• _Given records_
---+---
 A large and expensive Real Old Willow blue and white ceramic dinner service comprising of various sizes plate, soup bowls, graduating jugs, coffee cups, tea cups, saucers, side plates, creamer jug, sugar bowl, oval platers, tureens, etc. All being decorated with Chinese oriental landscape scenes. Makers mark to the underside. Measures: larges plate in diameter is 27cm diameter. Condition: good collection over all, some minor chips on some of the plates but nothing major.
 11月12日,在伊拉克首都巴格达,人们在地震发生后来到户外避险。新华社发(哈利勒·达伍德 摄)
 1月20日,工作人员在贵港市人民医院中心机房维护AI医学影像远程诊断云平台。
---+---
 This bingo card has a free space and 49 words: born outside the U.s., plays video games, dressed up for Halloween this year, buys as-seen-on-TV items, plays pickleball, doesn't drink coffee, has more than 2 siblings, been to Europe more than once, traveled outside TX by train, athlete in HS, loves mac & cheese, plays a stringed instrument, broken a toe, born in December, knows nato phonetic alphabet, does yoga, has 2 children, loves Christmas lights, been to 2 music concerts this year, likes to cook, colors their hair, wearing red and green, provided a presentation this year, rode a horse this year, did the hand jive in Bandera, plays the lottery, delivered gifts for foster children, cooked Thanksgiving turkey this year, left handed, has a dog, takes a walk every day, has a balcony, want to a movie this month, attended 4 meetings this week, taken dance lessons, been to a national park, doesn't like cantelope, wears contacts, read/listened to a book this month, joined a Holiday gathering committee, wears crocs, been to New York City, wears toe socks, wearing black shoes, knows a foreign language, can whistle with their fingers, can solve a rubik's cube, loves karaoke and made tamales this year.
---+---
Above this instruction are the records; retype exactly the lines from the one containing "A large and" up to and including the one containing "1月20日,工作人员在贵港市人民医院中心机房维护AI医学影像远程诊断云平台。".

• _Written answer_
 A large and expensive Real Old Willow blue and white ceramic dinner service comprising of various sizes plate, soup bowls, graduating jugs, coffee cups, tea cups, saucers, side plates, creamer jug, sugar bowl, oval platers, tureens, etc. All being decorated with Chinese oriental landscape scenes. Makers mark to the underside. Measures: larges plate in diameter is 27cm diameter. Condition: good collection over all, some minor chips on some of the plates but nothing major.
 11月12日,在伊拉克首都巴格达,人们在地震发生后来到户外避险。新华社发(哈利勒·达伍德 摄)
 1月20日,工作人员在贵港市人民医院中心机房维护AI医学影像远程诊断云平台。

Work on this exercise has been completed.